Blessed Bridget come into thy bed
With a gem at thy heart and a crown on thy head
Awaken the fire within our souls
Awaken the fire that makes us whole

Blessed Bridget, queen of the fire
Help us to manifest our desire
May we bring forth all that’s good and fine
May we give birth to our dreams in time

Blessed Bridget comest thou in
Bless this house and all of our kin
From the source of Infinite Light
Kindle the flame of our spirits tonight

There are several different kinds of Pagans in the choir I lead. Some are experienced singers with little experience priestessing, some are experienced priestesses with little experience singing and performing and some are less  experienced in either.

However, all are game for an experiment, and Pagan music being a largely oral music tradition, we do a lot of experiments with different ways of arranging and mixing the songs to make them more layered and interesting. However, this most recent experiment was quite powerful.

I paired up the members including myself set us each to sing the song in pairs, at our own speed, as if it was (and is) and invocation of Bridgid.

Myself and one other singer, who is a professional singer, very experienced as a singer but less as a priestess,  went into a separate room, grounded and began to sing it, trusting Bridgid to guide us. I asked my partner to sing the song as if she was calling directly to Brigid and invoking the song as a spell. And magic happened. We connected to the energy of the song and inprovised a winding, tight, almost Baltic harmony as we sang the song. I could feel the power of Her flow through both of us an we just followed it.

Encouraged by this success, I went back into the choir room, and we all switched singing partners. My second partner was an experienced priestess whose singing is understandably quite a bit less polished than my first partner. For her my direction to sing the song as an invocation had a quite different flavour.

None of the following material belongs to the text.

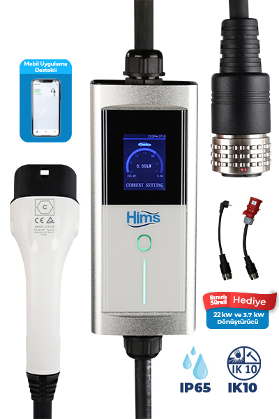 Hims 22kW Tip 2 Soketli Taşınabilir Elektrikli Araç Şarj Cihazı Hims 22kW Destekli Tip Alüminyum Kasa Taşınabilir Elektrikli Araç Şarj Cihazı NOT: TÜM ELEKTRİKLİ ARAÇ MODELLERİ İLE...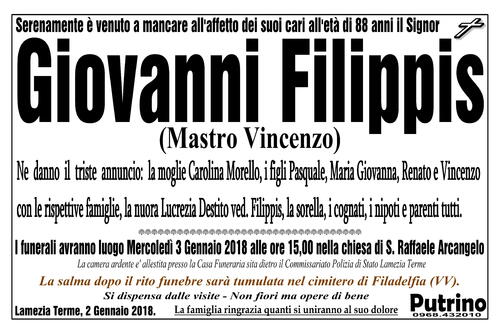 Lamezia Terme, 2 Gennaio 2018. La famiglia ringrazia quanti si uniranno al suo dolore

A dedicated and devout priestess, the instruction to sing the song as an invocation to the Goddess Bridgid had the effect of pulling her deeper into the song, making the song real and rich and deep, as if it had been in one dimension before but now was in three.  Her tone was better, her volume and tone varied with the meaning of the song, and it had the meaning she brought to it by her devotion. It was transformed by the presence she brought to it.

I think the lesson in this, from Bridgid, Goddess of Bards after all, is that sacred presence makes everything better, and that when songs (and life) mean something and you really attend to that meaning and connection with the sacred, it transforms what you do.

After we finished singing, we thanked and devoked Bridgid, because She was definitely present.

Imbolc Blessings Everyone.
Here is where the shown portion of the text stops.